I say get rid of his ass. One thing that I've learned is that you can't trust a crack head. they will do anything to get the drug. They have no shame after a while. They will lie, steal, cheat, and hurt anyone who gets in their way with no remorse. I know you probably feel bad for him, but you can't save someone that doesn't want to be saved. Its really hard for people to get off of drugs like crack and I've seen people addicted to the shit for decades. I've seen people lose literally everything over it. They will stoop to the lowest of levels for crack. It aint worth it man. Wash your hands of this situation before you get screwed over. Don't wait until you come home and some of your stuff is missing because he sold it and skipped out on you. Refer him to a rehab or something.


----------



## Niccolo Machiavelli (Aug 7, 2011)

Ace Face said:


> I have a few questions. I'll give you the story first. I've taken in a friend of a friend so I can get him off the street. He told me up front that he's a recovering crack addict. I told him that if he ever brought drugs into this house, that he would no longer be welcome here. Yesterday, I found an aluminum pipe with black resin :S I also found some rocks. *He's trying to tell me that the aluminum pipe was for tobacco.* I saw no tobacco, and I don't think there would be black resin if it were. I could be wrong--please, tell me if I am. As far as the rocks... is there anything I can do to tell if it's actually what I think it is? I want to be as careful as possible in figuring this out. Unfortunately, this is an area in which I'm not very educated. If anyone has had any experience with crack rocks, could you please share your wisdom with me? I'm feeling a little stuck here, and I want to make the right decision.

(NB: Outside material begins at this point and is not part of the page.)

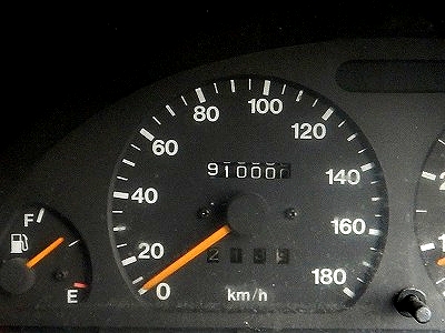 この日、この桜の下で910000キロを記録しました。が、下で、というわけにはいかず、なんだかすべての窓をカーテンやら段ボールやらで遮蔽している車が停めてあったため、それを隠すアングルで撮影するしかありませんでした。隠しきれていなかったぜちくしょー。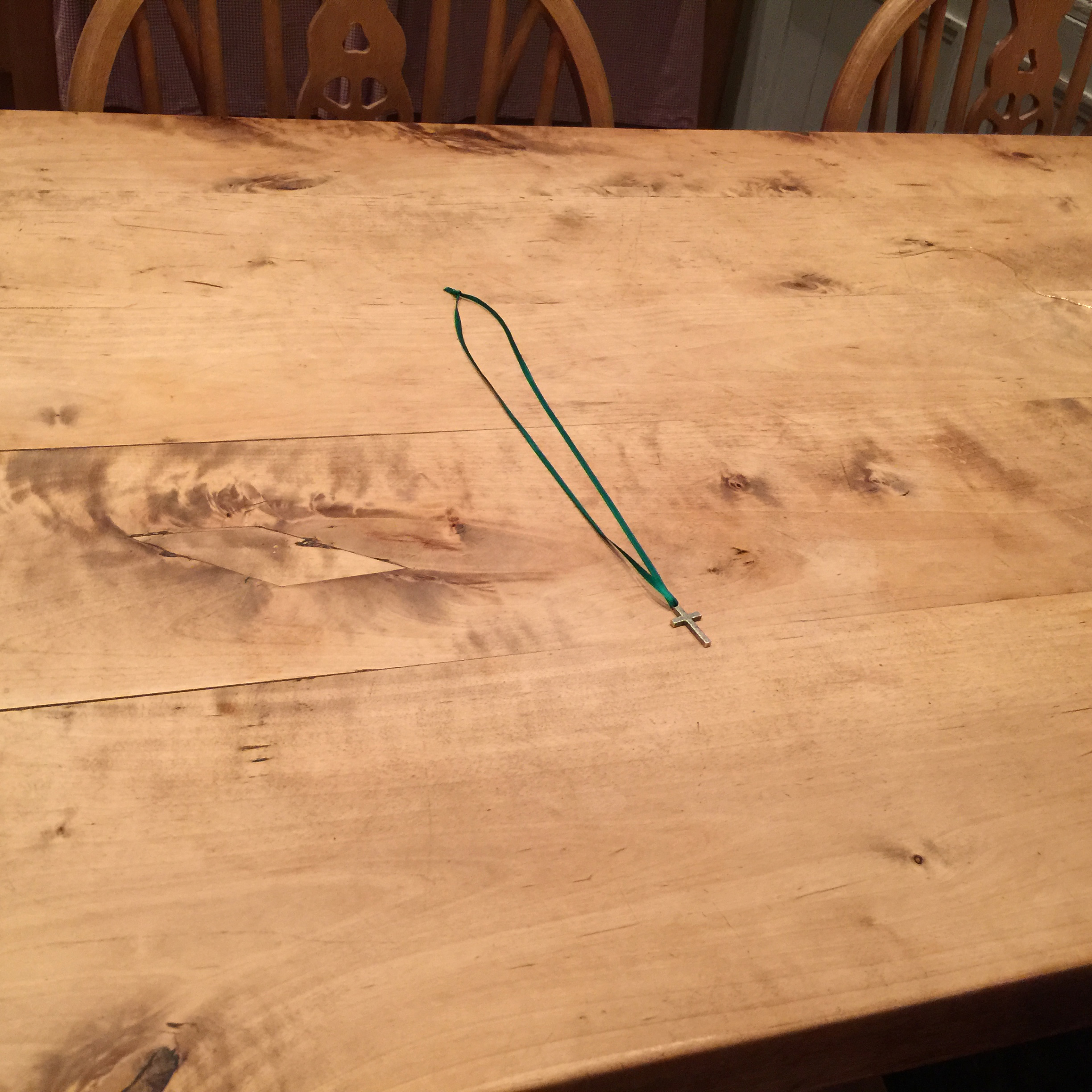 Well, Gabriel was happier than anything when he came down the other morning to find his cross lying on the kitchen table, with a new green ribbon on it. He put the cross around his neck right away, and was smiling from ear to ear.

That part literally made me laugh out loud! :laughing: Protip: Nobody smokes tobacco out of an aluminum pipe. Hell, hardly anybody left that smokes tobacco out of pipes period. :laughing:

If I were you, I'd get the junkie out of my house *ASAP*! Crackheads aren't known for their honesty, they are known for doing ANYTHING it takes to get their next fix. If that means stealing all of their elderly grandmother's belongings and selling them, they'll do it. If he gets desperate, he will steal all your stuff and sell it to buy more crack. Nothing personal, but the addiction will certainly lead to it. I've seen junkies rob their families blind, prostitute their girlfriends, prostitute themselves, rob gas stations without taking any measure to keep themselves from getting caught, etc. In a nutshell, they are VERY desperate people and you definitely don't one want living in your house. Especially if it is just a "friend of a friend."


----------



## Ace Face (Nov 13, 2011)

@Promethea please close this thread.


----------